• [Assigned task]
Your task is to print, exactly and only, the lines from the start of the entries below through the line with "วิธีการเปิด/ปิ". Include both ends, but skip the pictures.

Start of Records shown

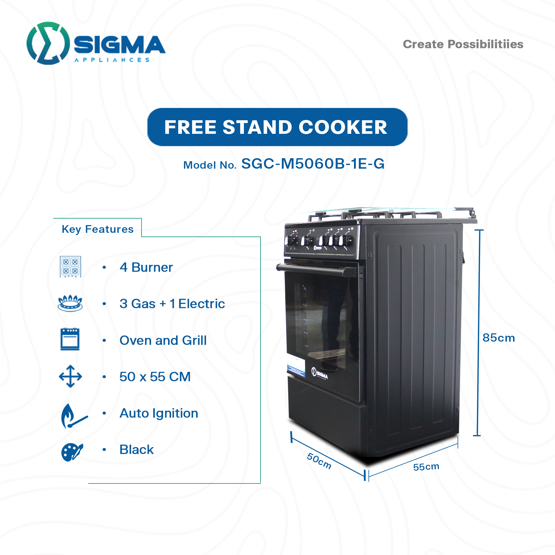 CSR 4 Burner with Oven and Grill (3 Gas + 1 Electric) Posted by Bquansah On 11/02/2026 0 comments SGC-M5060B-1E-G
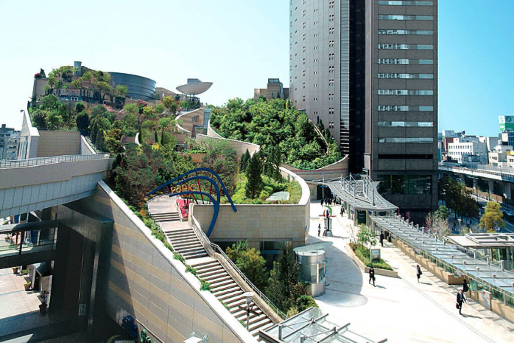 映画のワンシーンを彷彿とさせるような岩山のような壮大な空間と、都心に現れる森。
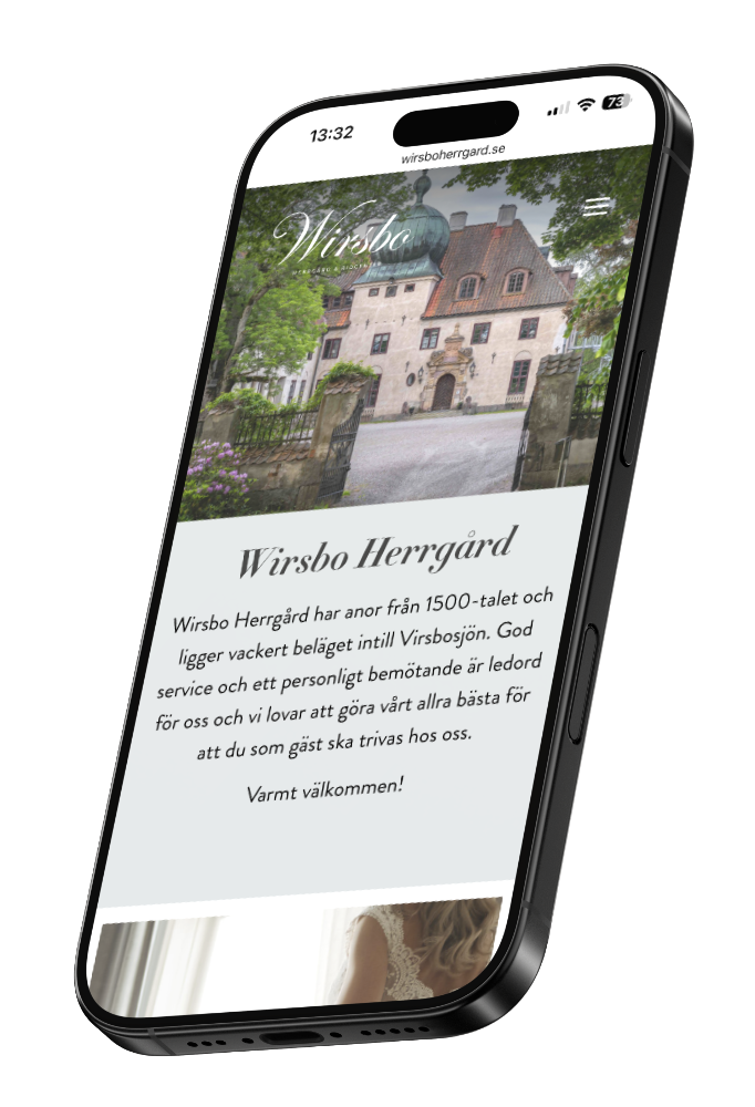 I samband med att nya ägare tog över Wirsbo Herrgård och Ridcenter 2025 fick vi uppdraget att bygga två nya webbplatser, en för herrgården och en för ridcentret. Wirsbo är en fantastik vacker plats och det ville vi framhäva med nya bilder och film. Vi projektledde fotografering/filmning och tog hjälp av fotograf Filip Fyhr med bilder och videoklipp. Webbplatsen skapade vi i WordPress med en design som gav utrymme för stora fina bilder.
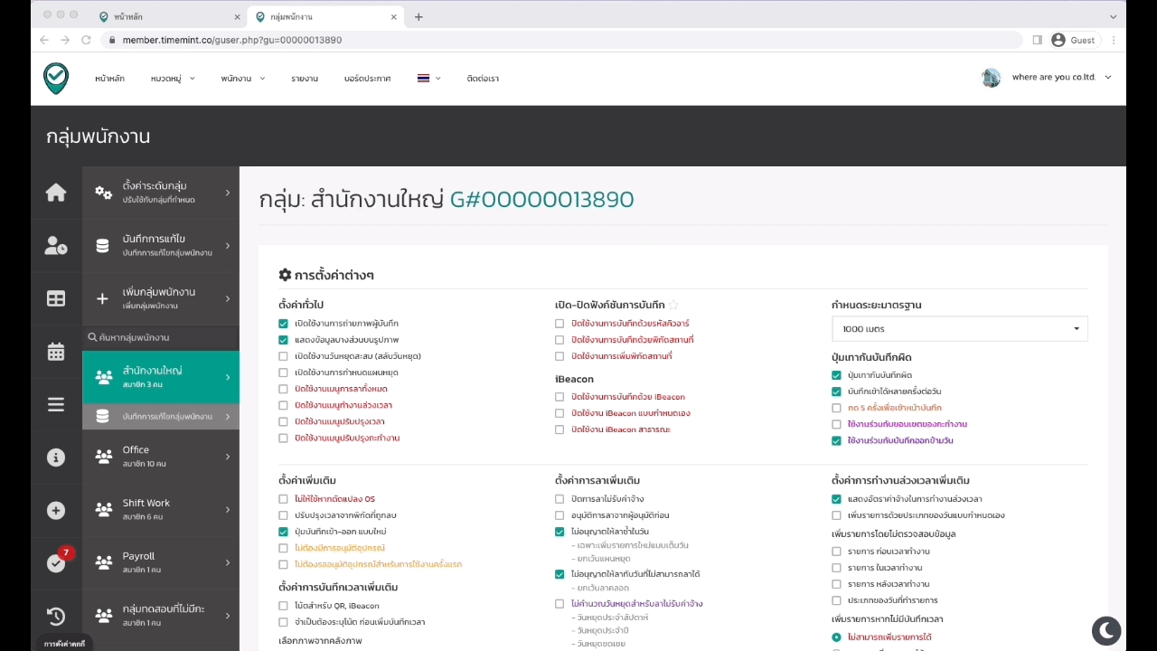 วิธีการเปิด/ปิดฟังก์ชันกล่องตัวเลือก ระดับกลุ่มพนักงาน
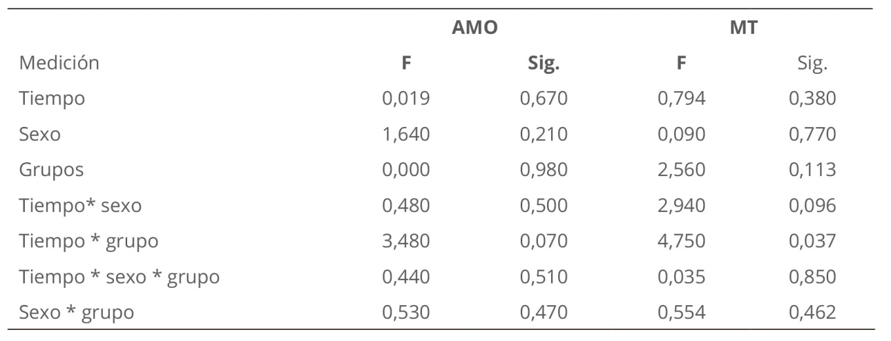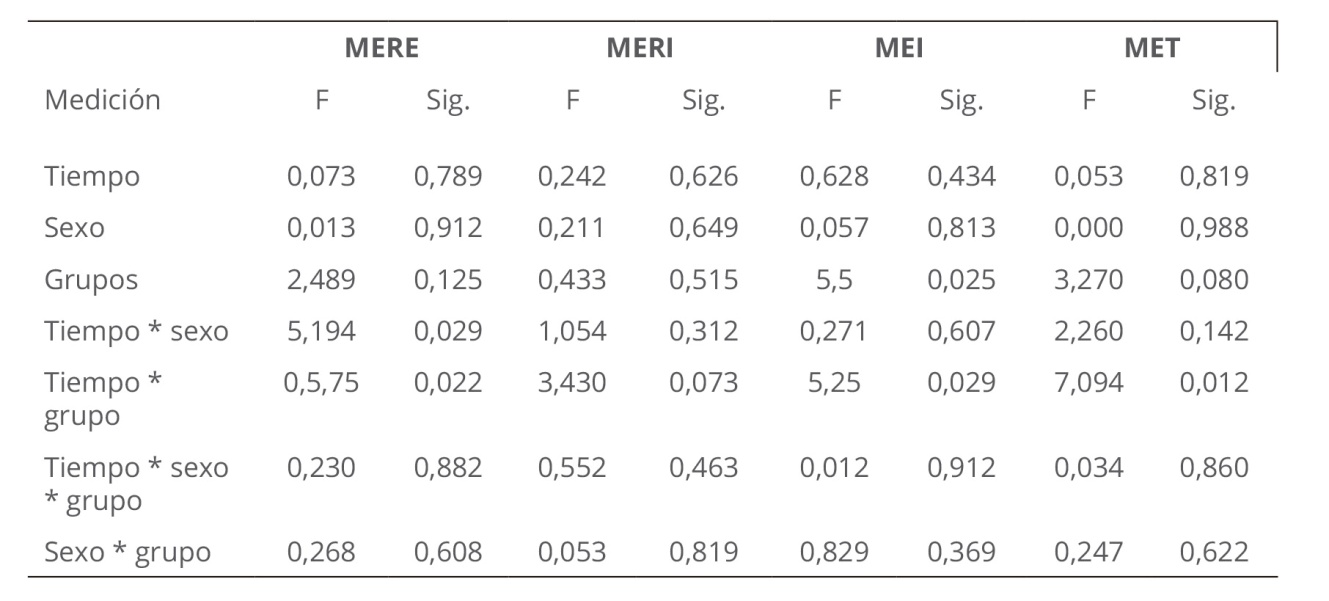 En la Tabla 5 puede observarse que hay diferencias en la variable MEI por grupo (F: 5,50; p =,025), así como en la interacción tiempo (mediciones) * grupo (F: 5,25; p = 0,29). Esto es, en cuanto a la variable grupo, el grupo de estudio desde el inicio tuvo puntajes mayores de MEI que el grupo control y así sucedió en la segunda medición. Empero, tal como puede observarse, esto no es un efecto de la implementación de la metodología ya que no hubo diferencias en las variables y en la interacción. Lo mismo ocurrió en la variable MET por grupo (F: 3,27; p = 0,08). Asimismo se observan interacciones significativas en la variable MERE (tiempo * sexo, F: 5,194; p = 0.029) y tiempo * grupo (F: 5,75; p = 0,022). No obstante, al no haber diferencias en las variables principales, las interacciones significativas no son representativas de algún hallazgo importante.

End of Records shown

• [Written response]
 CSR 4 Burner with Oven and Grill (3 Gas + 1 Electric) Posted by Bquansah On 11/02/2026 0 comments SGC-M5060B-1E-G
 映画のワンシーンを彷彿とさせるような岩山のような壮大な空間と、都心に現れる森。
 I samband med att nya ägare tog över Wirsbo Herrgård och Ridcenter 2025 fick vi uppdraget att bygga två nya webbplatser, en för herrgården och en för ridcentret. Wirsbo är en fantastik vacker plats och det ville vi framhäva med nya bilder och film. Vi projektledde fotografering/filmning och tog hjälp av fotograf Filip Fyhr med bilder och videoklipp. Webbplatsen skapade vi i WordPress med en design som gav utrymme för stora fina bilder.
 วิธีการเปิด/ปิดฟังก์ชันกล่องตัวเลือก ระดับกลุ่มพนักงาน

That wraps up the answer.